Data Sources

Weibo UVE Team serves billions requests everyday, consequently, we have to process billions data everyday.

The primary data sources include:

  • Requests log
  • Response log
  • ADs impression log
  • ADs actions(click, like, follow, etc)
  • Internal service logs(ADs Bid, ADs rendering, etc)

Data Flow Overview

The following diagram shows the overall data flow of UVE.

UVE Data Flow Diagram

Data Transfer

As the diagram shows, many data sources are log files. In order to process the logs in realtime, we developed YYPush to transfer log files to Apache Kafka.

Gobblin is used to persist data onto HDFS, on which offline processing is performed.

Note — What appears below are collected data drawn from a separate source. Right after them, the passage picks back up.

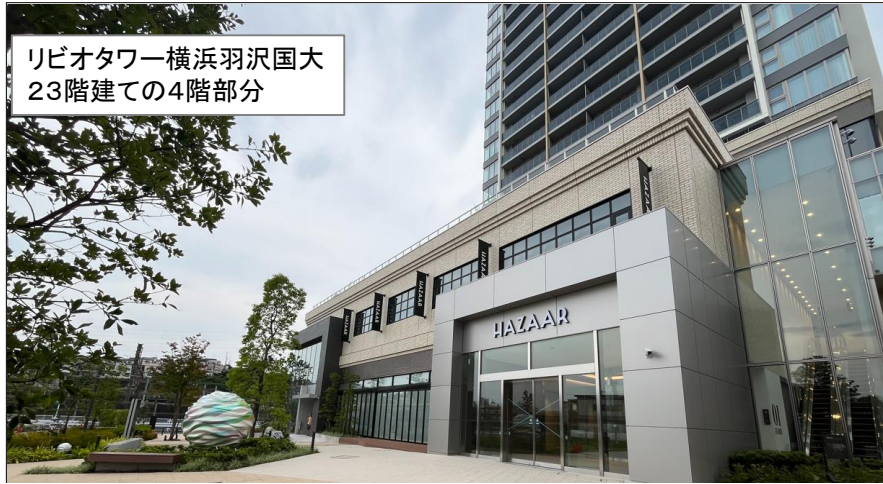
リビオタワー横浜羽沢国大 23階建ての4階部分
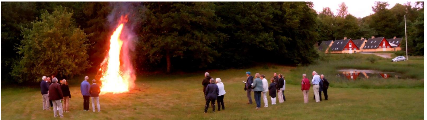
Referatets forfatter applauderer
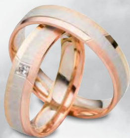
Modell: 88501RWG 5 mm breit
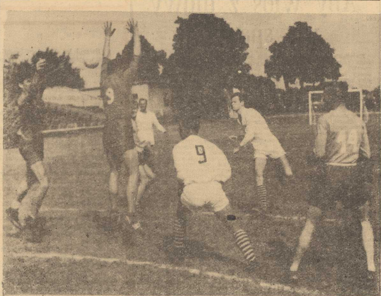
W SZCZECINIE odbywają się mistrzostwa Pomorskiego Okręgu Wojskowego w piłce ręcznej. Na zdjęciu: fragment jednego ze spotkań.

SUMA posiadanych punktów przemawia na korzyść Unii, jednak minimalne podknięcie w jednym z dwóch ostatnich meczów może tę przewagę zredukować do zera. Wówczas — przy jednoczesnych zwycięstwach Rakowa — obaj rywale posiadaliby na finiszu jednakową ilość punktów. O awansie decydowałaby więc różnica bramek. Obecny układ sił pierwszej trójki jest następujący:
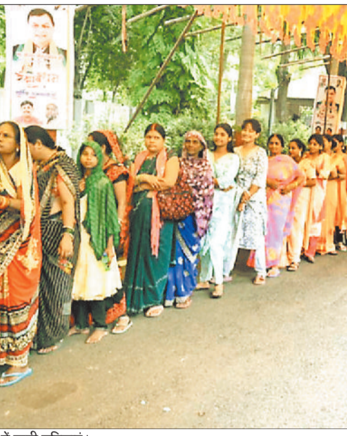
अपनी बारी का इंतजार करती कतार में खड़ी महिलाएं।
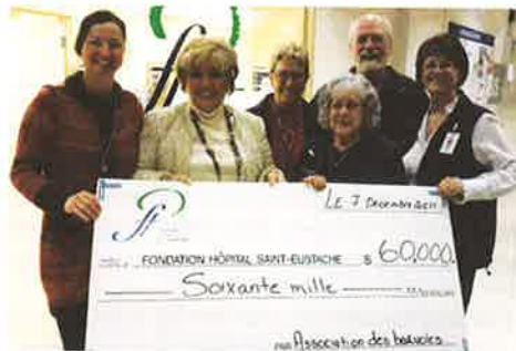
Association des bénévoles du CSSS 2011 : 60 000 $
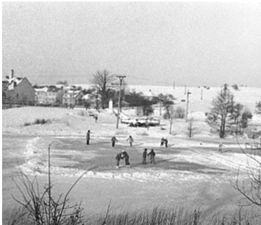
Rybník U sv. Jana
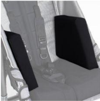
Almohadillas reductoras del ancho del asiento Kukini
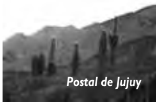
Postal de Jujuy

-Todo este trayecto de la RN 9 hasta casi el límite con Bolivia, es lo que geográfica y turísticamente se conoce como la «Quebrada de Humahuaca», un extenso valle montañoso irregular de 155 kilómetros de largo, camino del Inca antes de la llegada de los españoles y patrimonio cultural de 10 mil años de antigüedad.
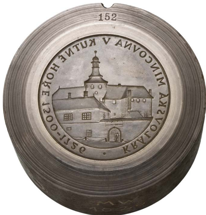
Matrice reversu – razidlo medaile použité k ražbě, ocel, Sbíрка ČMS, inv. č. M5/3
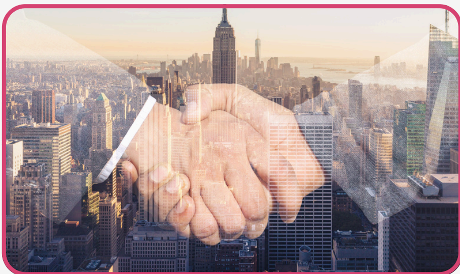
Fundamentos de la Responsabilidad Civil - Nivel iniciación
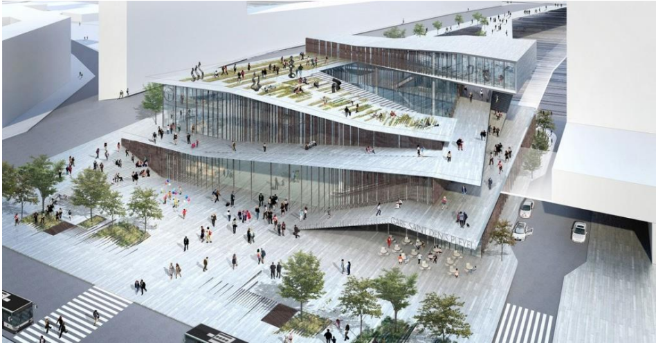
La nouvel hub de transport du 93 situé à Pleyel, Saint-Denis
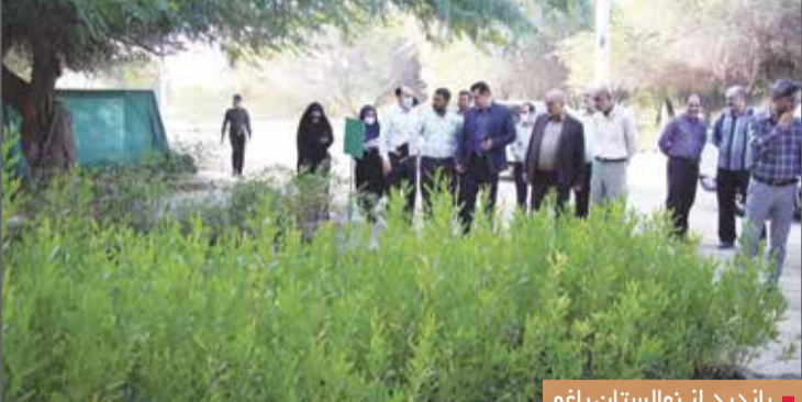
بازدید از نهالستان باغو
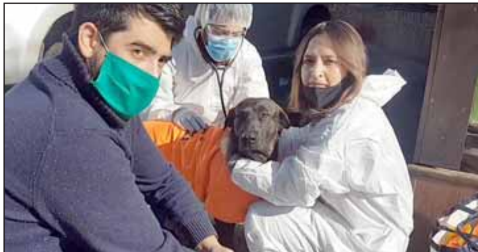
Personal veterinario atendió a los animales en plena calle, algunos canes fueron desparasitados y otros chipeados.

nadora del centro veterinario, sostuvo que «hemos salido para realizar un monitoreo médico a los perritos, para saber su estado de salud ante las lluvias y el frío. Hoy, gracias al gran apo-
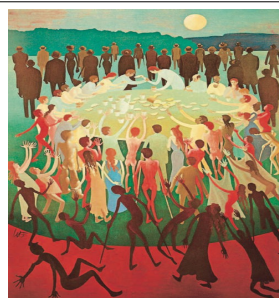
Willy Pries, Das große Gastmahl, 1963
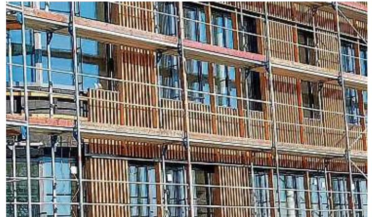
Die Holzfassade mit den Kanthölzern aus Lärchenholz ist bereits zur Hälfte fertiggestellt.
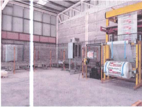
Zona de empaquetado

Realtime processing is implemented with Apache Samza and Druid.

Data Storage

HDFS is our primary data storage, but due to some reason, the Apache Cassandra is used as the deep storage of Druid.

Data Analysis

Realtime

Thanks to Druid, realtime data analysis become much more straightforward and flexible.

Offline

Beside realtime analysis, we have to do some more complex offline processing and analysis. Most of the offline processing is based on Hadoop MapReduce, Hive, HBase, etc.

Data Monitoring

Monitoring is also very important. We have to discover what’s going wrong when a new feature is released in realtime, and we want to be notified when some accident occurred or the impression is not as expected.

Graphite makes our work much easier for realtime monitoring. Based on Graphite, we could easily monitor our data horizontally and vertically. The horizontal means compare current data with historical data, and vertical means compare data from different sources at the same time point, as the following diagram shows.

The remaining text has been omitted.